I groaned a little. “As long as I don’t have to walk it or anything, I don’t care. I take no responsibility for that animal. It lives or dies based on how well Leah takes care of it.”
Miriam always knows how to change the subject—all she has to do is ask about me. “So, what are you working on these days?” she asked.
I told her about Legs and my conversation with Abrams. “You’re a political science professor,” I reminded her, in case she’d forgotten her profession since leaving work today. “Who would Louis Gibson’s enemies be?”
“You’ll notice the word ‘science’ in there, Aaron,” she said, nibbling a tiny bite off a Thin Mint in the time it would take me to eat three cookies. “I don’t deal in minute-to-minute politics— I’m teaching theory.”
“Fine. Give me a theory about who Legs’ enemies might be, based on his politics.”
Abby frowned, but Miriam sat and thought for a moment. Abby got up to retrieve the coffeepot, which had filled.
“Anybody to the left of Mussolini would be an enemy of Louis Gibson,” she said. “You remember that rumor about the Supreme Court nominee about five years ago?”
I resisted the impulse to smite myself in the forehead. “Of course! I knew I remembered that People for The Values We Decided Are American thing! Was he behind that rumor?”
“What rumor?” Abby asked, pouring a mug of coffee for herself and one for Miriam.
“Behind it?” Miriam said. “He leaked it himself.”
“Legs Gibson told the press about that?” I was torn between pride that I knew someone that famous, and revulsion that I knew someone that Fascist.
“What rumor?” asked Abby, putting the mugs down and sitting with us at the table.
“Oh, you remember,” Miriam said. “During the hearings for that woman the Democrats were trying to get on the Supreme Court.

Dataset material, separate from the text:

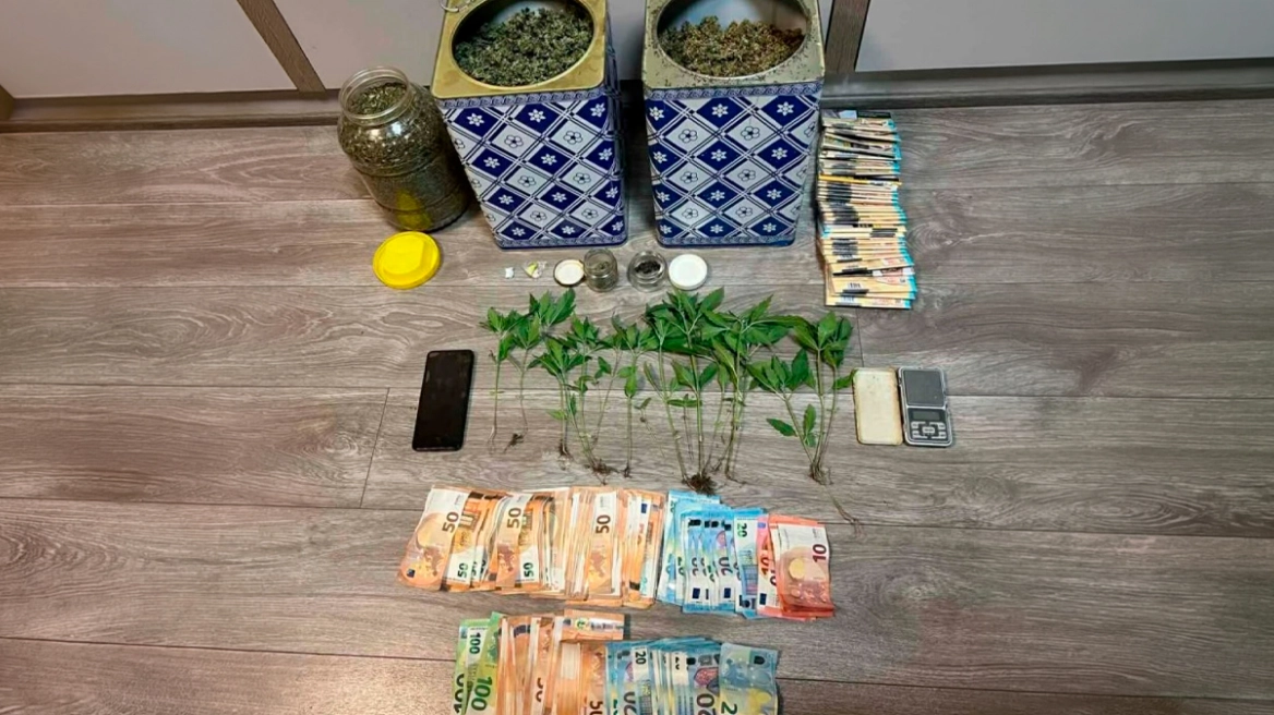 - Βρέθηκαν 22 φυτά κάνναβης, χρηματικό ποσό και ναρκωτικά χάπια στα σπίτια των συλληφθέντων.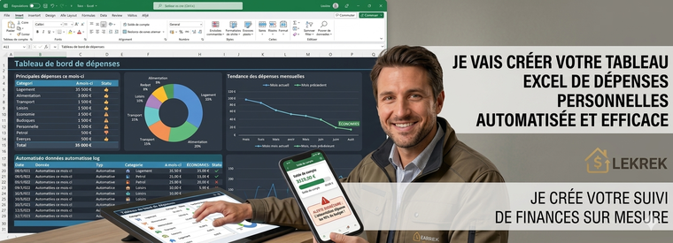 Je vous propose la création d’un tableau Excel automatisé de suivi des dépenses personnelles, conçu pour vous aider à mieux gérer votre budget au quotidien de manière simple et efficace.

And all of a sudden this article appears in the Washington Times about how it was rumored she’d had an abortion when she was seventeen. . .”

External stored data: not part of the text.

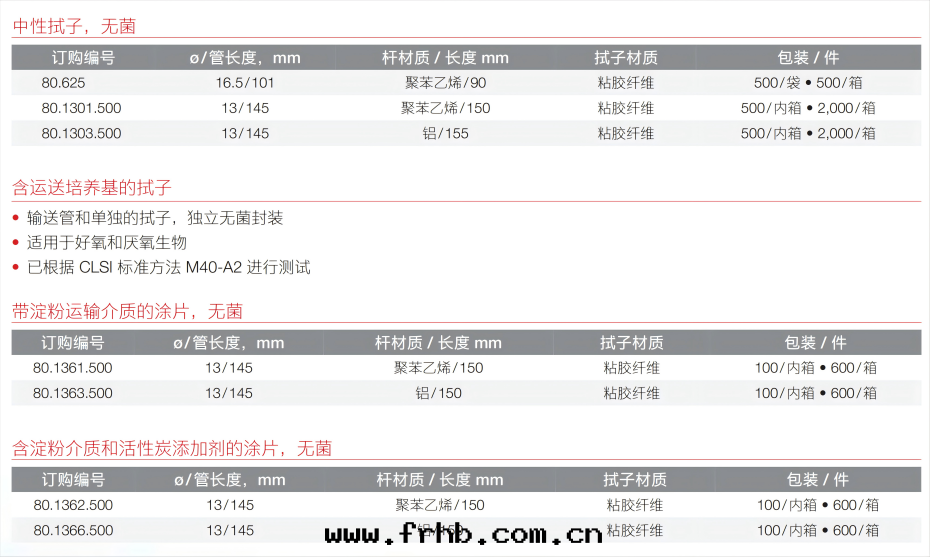 Sarstedt拭子取(qǔ)樣(yàng)简單,用(yòng)于(yú)快(kuài)速提(tí)取(qǔ)和(hé)高(gāo)效運輸细(xì)菌樣(yàng)本(běn)、血(xuè)清(qīng)樣(yàng)本(běn)和(hé)细(xì)胞樣(yàng)本(běn)。拭子既可(kě)用(yòng)于(yú)完好皮(pí)膚,也(yě)可(kě)用(yòng)于(yú)身(shēn)體(tǐ)的(de)自(zì)然腔道(dào)。同(tóng)时(shí),在滿足衛生(shēng)条(tiáo)件(jiàn)的(de)情(qíng)況下(xià),還(huán)可(kě)用(yòng)于(yú)食品行業以及(jí)各(gè)種(zhǒng)表(biǎo)面取(qǔ)樣(yàng)。除了(le)存在不(bù)同(tóng)长(cháng)短(duǎn)規格外(wài),還(huán)可(kě)訂購塑料或(huò)鋁(lǚ)制拭子,是(shì)否包(bāo)含運送培養基等。如(rú)果(guǒ)運輸距离較长(cháng)或(huò)是(shì)運輸敏感(gǎn)性(xìng)微生(shēng)物(wù),建議使用(yòng)含運送培養基的(de)拭子。部(bù)分(fēn)型号(hào)的(de)拭子還(huán)添加了(le)活性(xìng)炭,用(yòng)于(yú)中(zhōng)和(hé)细(xì)菌黴素和(hé)其(qí)他(tā)抑制劑。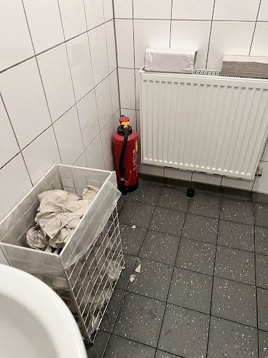 Im Leergutbereich hat man mit Maschine den Boden gewischt, gleich so nass, dass sich eine Kundin durch Ausrutschen fast verletzt hätte und nur noch durch ihren Freund aufgefangen werden konnte. Unfallgefahr!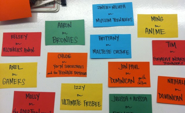 Sixteen: The final Sixteen documentaries will be shown in class on Wednesday and Thursday of this week! In addition to the topics above, the films document youth subcultures ranging from “Beliebers” (Justin Bieber’s fans) to “Potterheads” (Harry Potter fans) to “Sneakerheads” (those who collect, sell and trade sneakers). The films from this class – perhaps more than those from any other Sixteen class I’ve taught – truly represent an incredible combination of anthropology and documentary filmmaking. I’ve learned so much from watching them come together. Families – please consider joining us for the screenings at school on either Wednesday (12:50-2:20pm) or Thursday (9-10am).

“Oh my god, that rumor?!” said Abby. She turned to me. “You’re telling me you went to high school with the sexist idiot who kept Madeline Crosby off the Supreme Court?”
“I didn’t actually go to school with him,” I defended myself. “He was one town over.”

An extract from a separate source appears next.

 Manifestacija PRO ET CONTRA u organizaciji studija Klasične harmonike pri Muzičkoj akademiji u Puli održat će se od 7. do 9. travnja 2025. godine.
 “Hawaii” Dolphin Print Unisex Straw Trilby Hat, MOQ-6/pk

Miriam took a sip of coffee and nodded her head—apparently Abby had manipulated the brew properly. (You can’t prove it by me, I think coffee tastes like hot, liquid dirt.) “Well, all you needed to hear was the words ‘Supreme Court nominee’ and ‘abortion’ in the same sentence, and you could forget that one,” she said. “That’s how Gibson made a name for himself, and the name, in many areas, was. . .”
“Asshole?”
“Pretty much. But I don’t know how many people wanted to kill him because of it.” Miriam thought thoroughly about that.
“Well, it only took one,” I said.
“Yeah, that’s what I mean,” said Miriam. “How do you pick just one from so many?”